On the Practicality of Deterministic Epistemic Uncertainty

Authors: Janis Postels, Mattia Segù, Tao Sun, Luca Daniel Sieber, Luc Van Gool, Fisher Yu, Federico Tombari

ICML 2022 | Conference PDF | Archive PDF | Plain Text | LLM Run Details

Reproducibility Variable Result LLM Response
Research Type Experimental To this end, we first provide a taxonomy of DUMs, and evaluate their calibration under continuous distributional shifts. Then, we extend them to semantic segmentation. We find that, while DUMs scale to realistic vision tasks and perform well on OOD detection, the practicality of current methods is undermined by poor calibration under distributional shifts.
Researcher Affiliation Collaboration 1ETH Zurich 2Technical University Munich 3Google.
Pseudocode No The paper describes methods and processes in narrative text and refers to existing implementations, but it does not contain any clearly labeled pseudocode or algorithm blocks.

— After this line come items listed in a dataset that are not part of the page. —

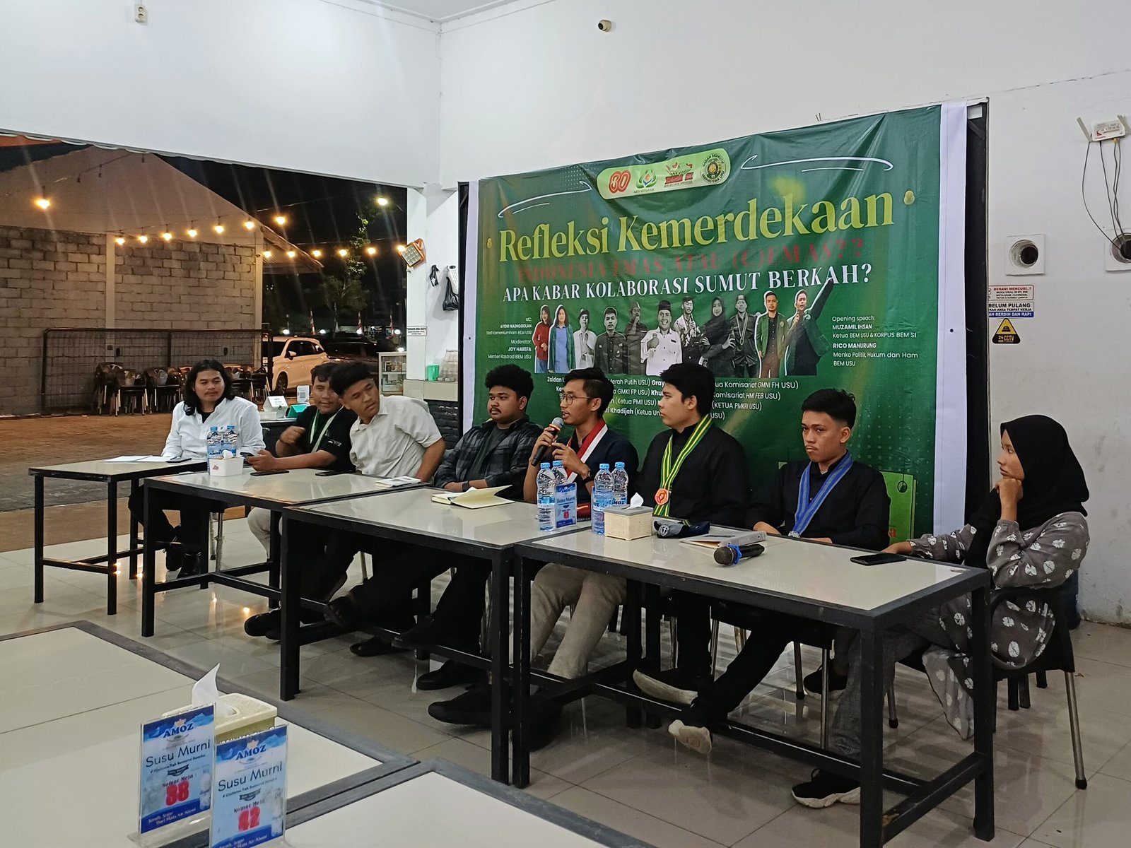 Diskusi yang dimoderatori Joy Harefa, Menteri Kajian Strategis (Kastrat) BEM USU menghadirkan pemantik dari berbagai elemen mahasiswa yaitu, Zaidan Lubis (Ketua KAMMI Merah Putih USU), Gray Sembiring (Ketua Komisariat GMNI FH USU), Kevin Simanjuntak (Ketua GMKI FP USU), Khubaib Azka (Ketua Komisariat HMI FEB USU). Serta, Jalaludin Pulungan (Ketua PMII USU), Nicola Simarmata (Ketua PMKRI USU), dan Siti Khadijah (Ketua Umum IMM Soshum USU).
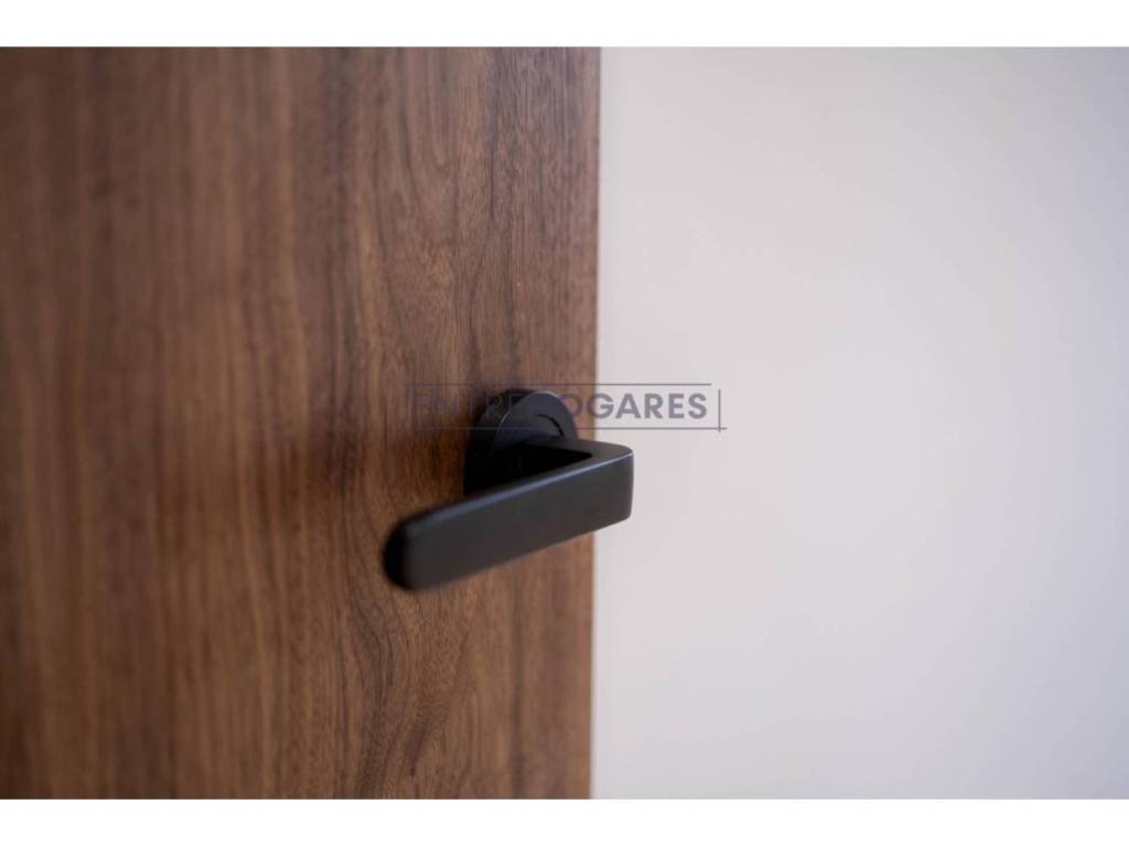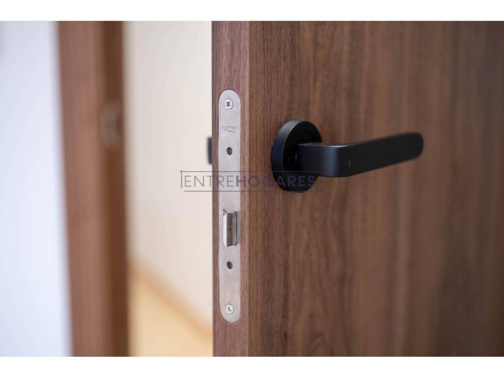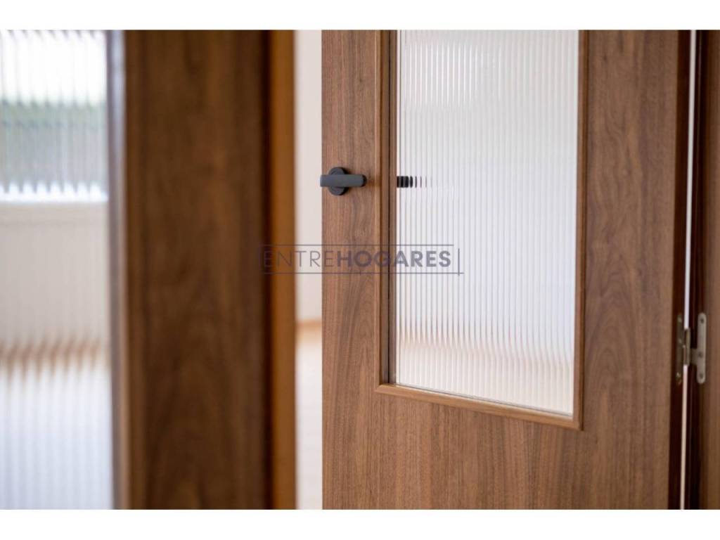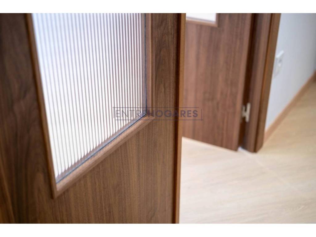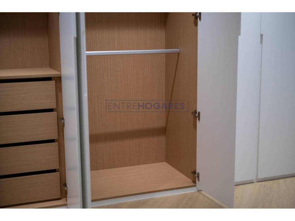 ● Armarios empotrados con interiores fabricados con revestimiento interior de madera, de roble claro lacada (no melamínicos) y puertas de madera maciza de palma de nogal por toda la vivienda.
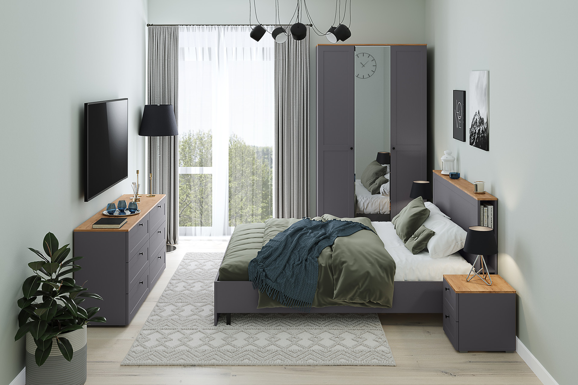 В изголовье кровати предусмотрены вместительные ниши. Шкафная группа полноценной глубины позволяет эффективно организовать систему хранения.

Open Source Code No The paper states: 'When an implementation was publicly available, we relied on it. This is the case for DUQ (https://github.com/y0ast/deterministic-uncertainty-quantification), SNGP (https://github.com/google/uncertainty-baselines/blob/master/baselines/imagenet/sngp.py) and DUE (https://github.com/y0ast/DUE).' This refers to third-party code they used, not their own. There is no explicit statement or link to their own source code for the evaluation framework described in the paper.

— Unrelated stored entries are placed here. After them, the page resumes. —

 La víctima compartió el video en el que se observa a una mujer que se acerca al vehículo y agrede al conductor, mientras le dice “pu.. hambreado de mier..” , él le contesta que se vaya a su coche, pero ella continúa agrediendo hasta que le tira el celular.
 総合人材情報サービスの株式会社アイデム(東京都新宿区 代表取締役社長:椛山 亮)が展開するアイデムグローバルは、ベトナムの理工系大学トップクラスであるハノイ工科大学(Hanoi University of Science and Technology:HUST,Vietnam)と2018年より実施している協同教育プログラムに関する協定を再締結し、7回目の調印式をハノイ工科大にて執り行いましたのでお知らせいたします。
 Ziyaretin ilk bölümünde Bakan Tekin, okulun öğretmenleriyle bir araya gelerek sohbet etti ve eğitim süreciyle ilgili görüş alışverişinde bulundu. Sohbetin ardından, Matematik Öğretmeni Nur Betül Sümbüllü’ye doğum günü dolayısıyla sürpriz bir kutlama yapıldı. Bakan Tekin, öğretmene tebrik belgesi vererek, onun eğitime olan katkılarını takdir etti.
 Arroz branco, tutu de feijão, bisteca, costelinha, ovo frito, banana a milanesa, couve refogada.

Open Datasets Yes Datasets. We train DUMs on CIFAR-10 and CIFAR100 (Krizhevsky et al., 2014) and evaluate on the corrupted versions of their test set CIFAR10/100-C (Hendrycks & Dietterich, 2019). ... We evaluate on synthetic distributional shifts using a corrupted version of Cityscapes (Cordts et al., 2016) (Cityscapes-C (Michaelis et al., 2019)).

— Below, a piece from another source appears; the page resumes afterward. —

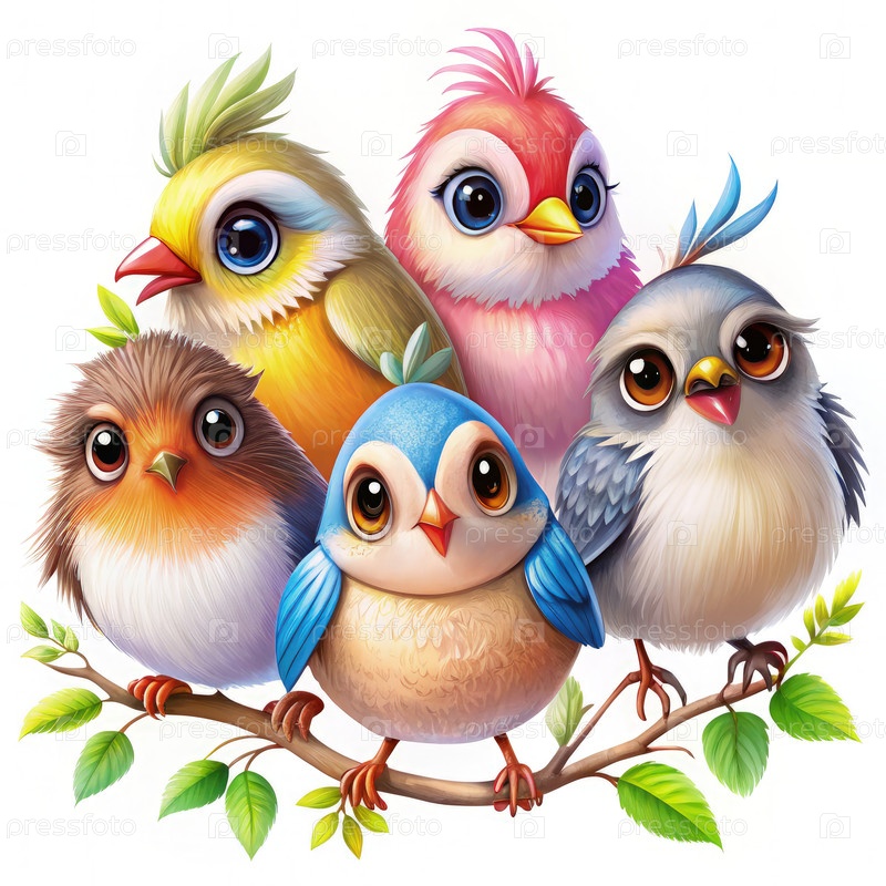 Пять красочных мультфильмовых птиц, сидящих на ветке

Dataset Splits Yes We choose the hyperparameter such that it minimizes the validation loss. ... We uniformly sample a validation set.
Hardware Specification Yes The runtimes were measured on a single V100 using CIFAR10 and a ResNet50 backbone.
Software Dependencies Yes All methods were re-implemented in Tensorflow 2.0.
Experiment Setup Yes We used a batch size of 128 samples and trained for 200 epochs. ... We used for the single softmax model the Adam optimizer with learning rate 0.003, and L2 weight regularization 0.0001. ... We trained DUQ with the SGD optimizer with learning rate 0.01, L2 weight regularization 0.0001, and a multi-step learning rate decay policy with decay rate 0.3 and decay steps at the epochs 10, 20.